## The records

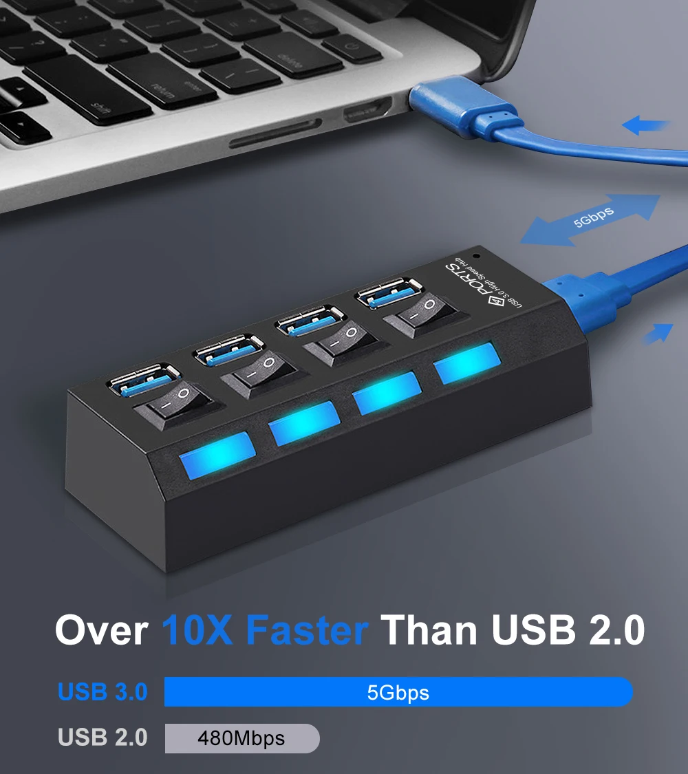 USB 3,0 концентратор 5 Гбитс, высокая Скорость Мульти USB разветвитель 3 место обитания Применение Мощность адаптер 47 Порты и разъёмы несколько расширитель USB концентратор с переключателем для портативных ПК
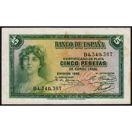 Espagne - Pick 85 - 5 pesetas - 1935 - Série D - Etat : TTB
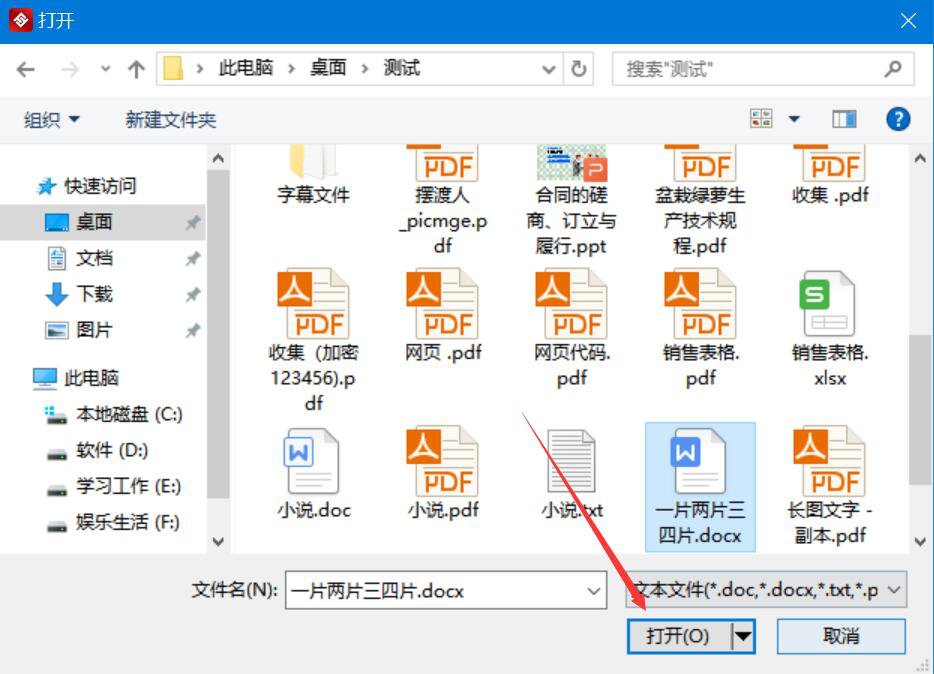 2、在弹出的窗口中,我们选择需要金舟文档翻译软件翻译成英文的文档,并点击“打开”按钮。
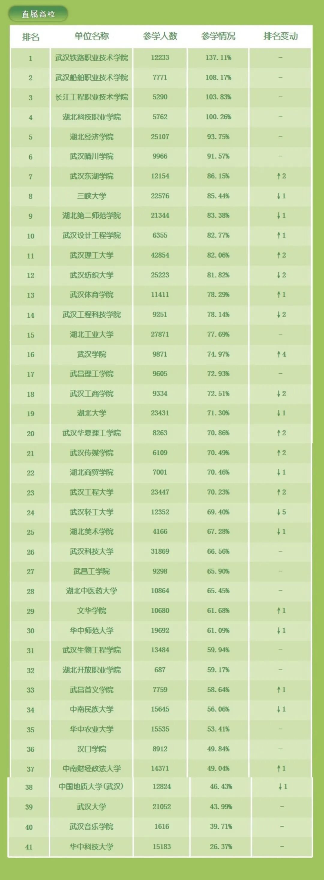 武汉铁路职业技术学院、武汉船舶职业技术学院、长江工程职业技术学院、湖北科技职业学院
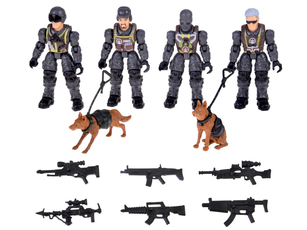 Šis 12 daļu komplekts ir ideāls bērniem, kuri mīl darbību un piedzīvojumus. Izveidojiet savu speciālo vienību, dodieties glābšanas misijās un trenējieties kopā ar četrkājainajiem partneriem. Kustīgas ekstremitātes un bagātīgi piederumi nodrošinās stundām ilgu izklaidi un reālistisku spēli.

## The problem
The entries above should be written out in full, and any picture in them left out.

## Worked solution
 USB 3,0 концентратор 5 Гбитс, высокая Скорость Мульти USB разветвитель 3 место обитания Применение Мощность адаптер 47 Порты и разъёмы несколько расширитель USB концентратор с переключателем для портативных ПК
 Espagne - Pick 85 - 5 pesetas - 1935 - Série D - Etat : TTB
 2、在弹出的窗口中,我们选择需要金舟文档翻译软件翻译成英文的文档,并点击“打开”按钮。
 武汉铁路职业技术学院、武汉船舶职业技术学院、长江工程职业技术学院、湖北科技职业学院
 Šis 12 daļu komplekts ir ideāls bērniem, kuri mīl darbību un piedzīvojumus. Izveidojiet savu speciālo vienību, dodieties glābšanas misijās un trenējieties kopā ar četrkājainajiem partneriem. Kustīgas ekstremitātes un bagātīgi piederumi nodrošinās stundām ilgu izklaidi un reālistisku spēli.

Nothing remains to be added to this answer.